Okay maybe hate is a strong word. I seriously have an extreme distaste for going to the dentist. Yes, that is a bit more accurate, and to be even more honest it’s not even the Dentist themselves, they’re usually pretty cool people. It’s the hygienists! 

I swear it has to be in the job description to make their patients feel horrible and guilty. I swear never in my life have I been able to make those people happy. No matter how many times I brush (okay let’s get real, I’m not brushing at lunch time. It’s just not going to happen. Adjust your expectations people) or for how long, or what toothbrush I use. It’s just never right.
Or flossing, I am LITERALLY flossing at this very moment! You can never floss enough for a hygienist. And you can’t even lie to them and tell them you floss more often than you do because THEY KNOW. They can’t be human, and regardless I ALWAYS get the one I seem to hate the most. I’m not going to name names here… you know who you are. 

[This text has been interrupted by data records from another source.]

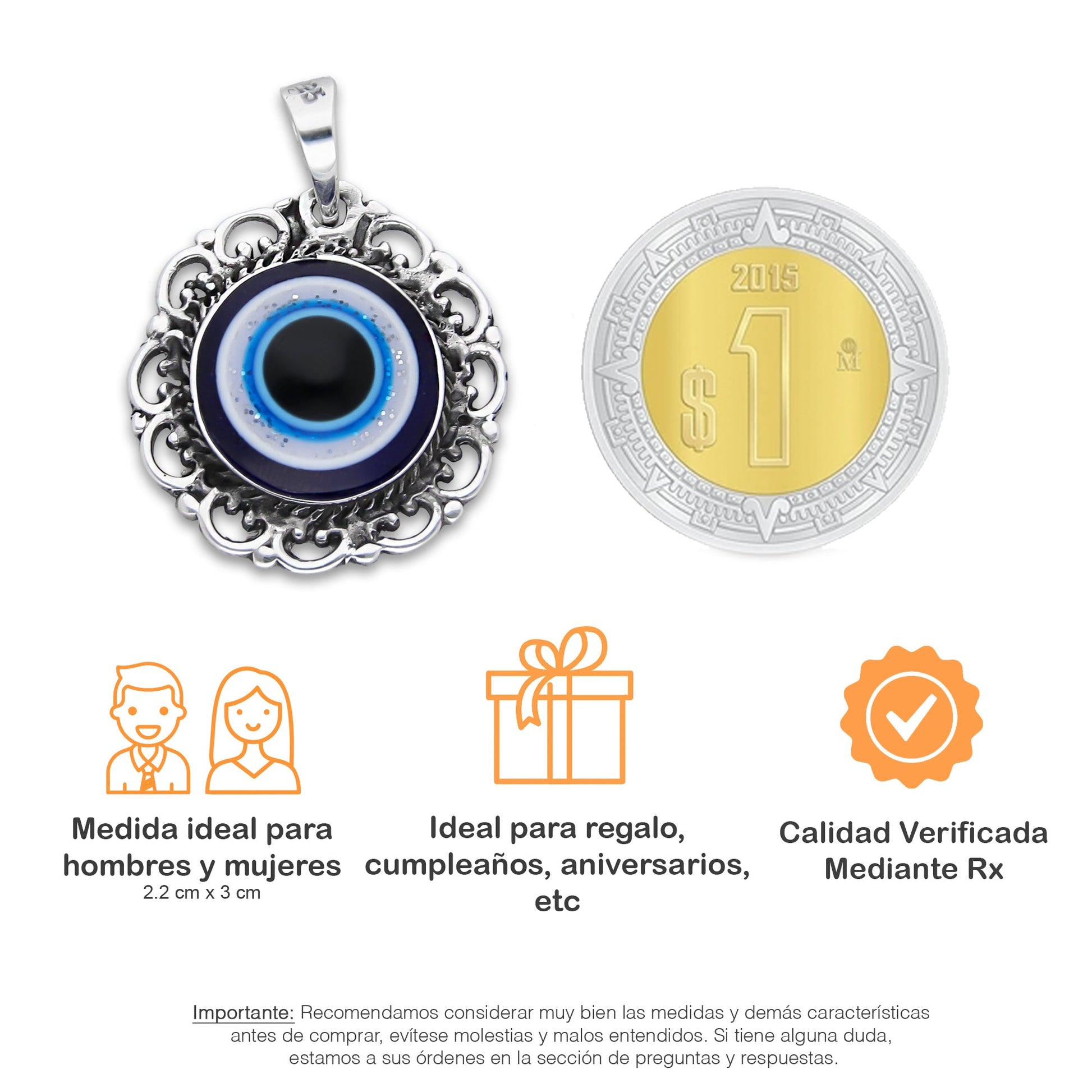 :: Dije Ojo Turco Grande Olan 2.2 cm x 3 cm en Plata .925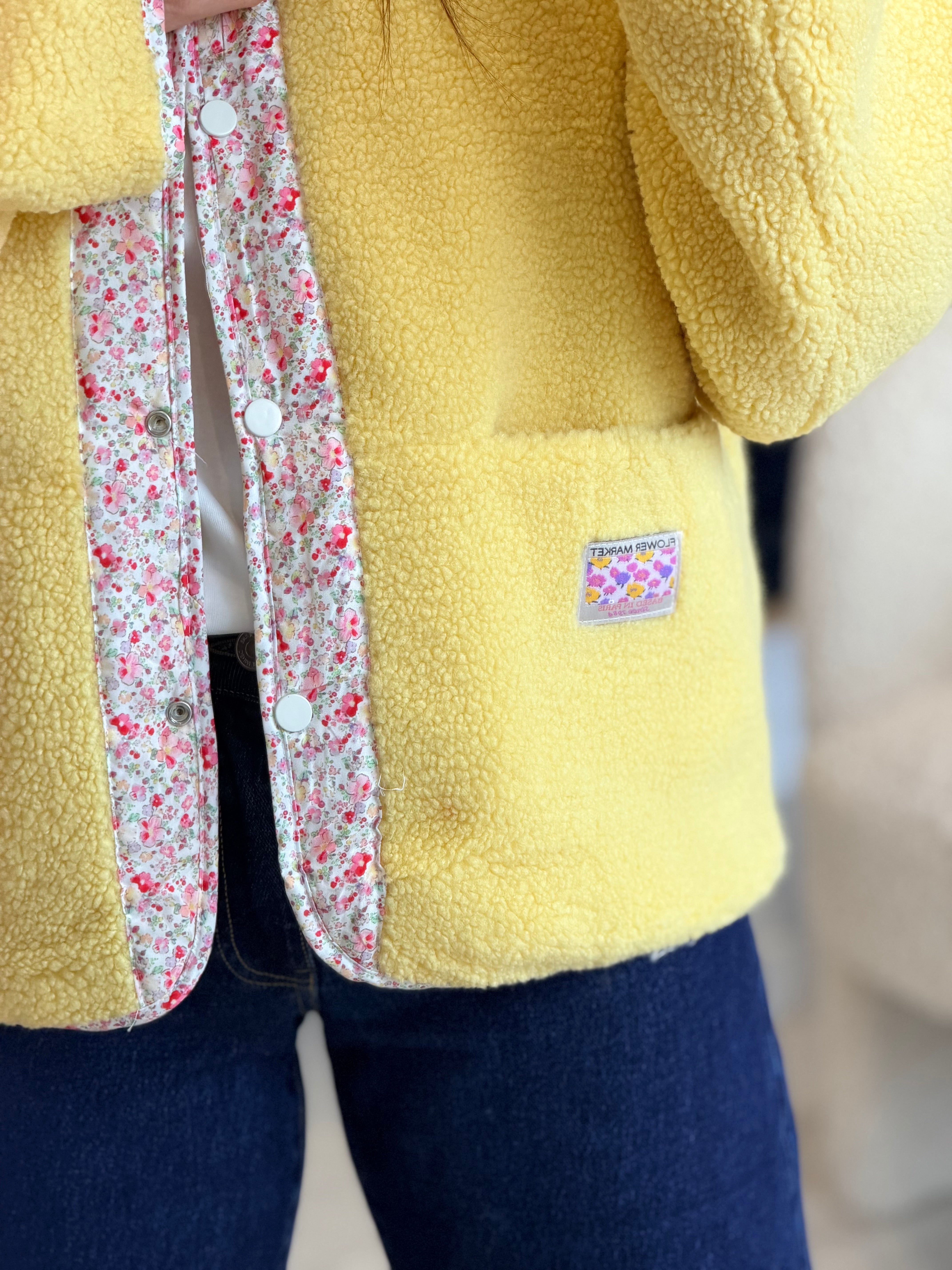 - Etiquette sur la poitrine ou sur la poche "Flower market"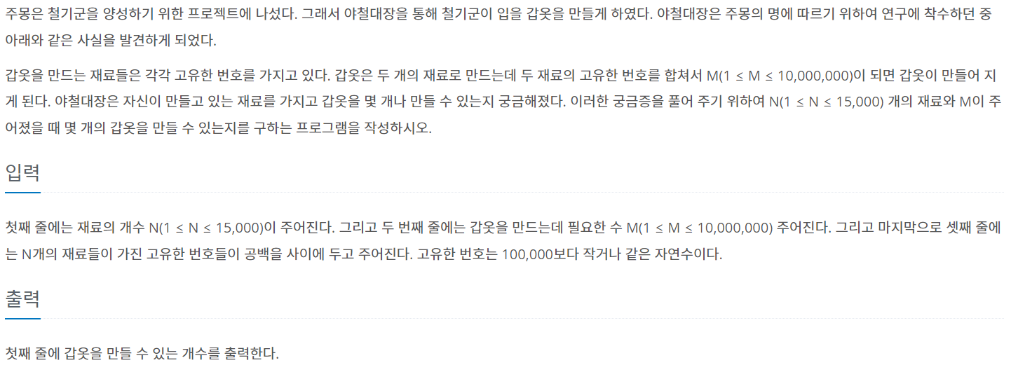 import java.util.*; import java.io.*; public class Main { public static void main(String[] args) throws IOException { BufferedReader br = new BufferedReader(new InputStreamReader(System.in)); int n = Integer.parseInt(br.readLine()); int m = Integer.parseInt(br.readLine()); // 엔터 기준으로 입력되기 때문에 바로 readLine후 parse int [] materials = new int[n]; StringTokenizer stringTokenizer = new StringTokenizer(br.readLine()); for (int i = 0; i < n; i++) { materials[i] = Integer.parseInt(stringTokenizer.nextToken()); } Arrays.sort(materials); // 배열 정렬 int start = 0; int end = n-1; int count = 0; while (start < end) { if (materials[start] + materials[end] > m) { end--; } else if (materials[start] + materials[end] < m) { start++; } else { count++; start++; end--; } } System.out.println(count); } }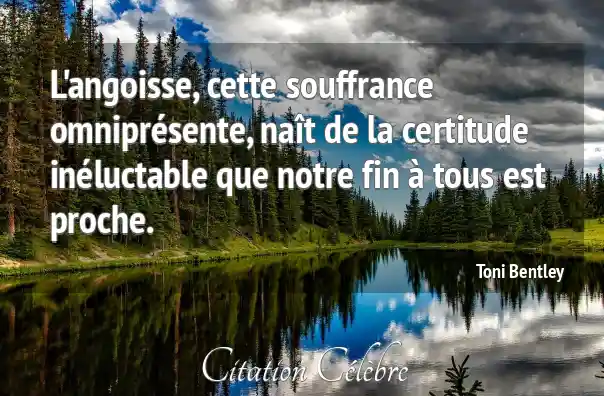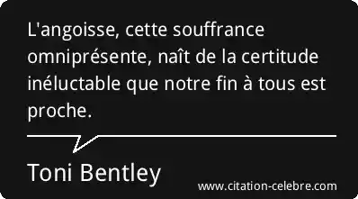 Citation Toni Bentley fin : L'angoisse, cette souffrance omniprésente, naît de la certitude inéluctable que...

Growing up I had a fantastic dentist, she was the best, and the ONLY person on the planet I ever let call me Caity. Even when she was filling cavities she never made me feel bad about it. However six years ago she did the unthinkable. She moved to BC.
So what did I do? Did I go see her replacement when time rolled around for my check up? Nope. Of course not, I was still sulking. I didn’t want some random dude who didn’t know my entire life story poking around in my mouth. Nope. So I did the only logical thing. I pretty much stopped going to the dentist. Was this childish of me? Of course.
It started as me being stubborn, then just sort of snowballed. Rationally that voice in the back of my head was saying “Dude, you need to man up and just go to the dentist,” but I still kept putting it off.

I found myself turning into a huge hypocrite (I’m like this about a lot of things, I’ll be the first person to tell you to go to the Doctor/Dentist/Gyno but I will never take my own advice -  Which is why I still haven’t gotten the shooting pain in my elbow checked out.) I bullied my boyfriend into going to the dentist, but yet still couldn’t admit to myself that I was terrified of going to get my own teeth done.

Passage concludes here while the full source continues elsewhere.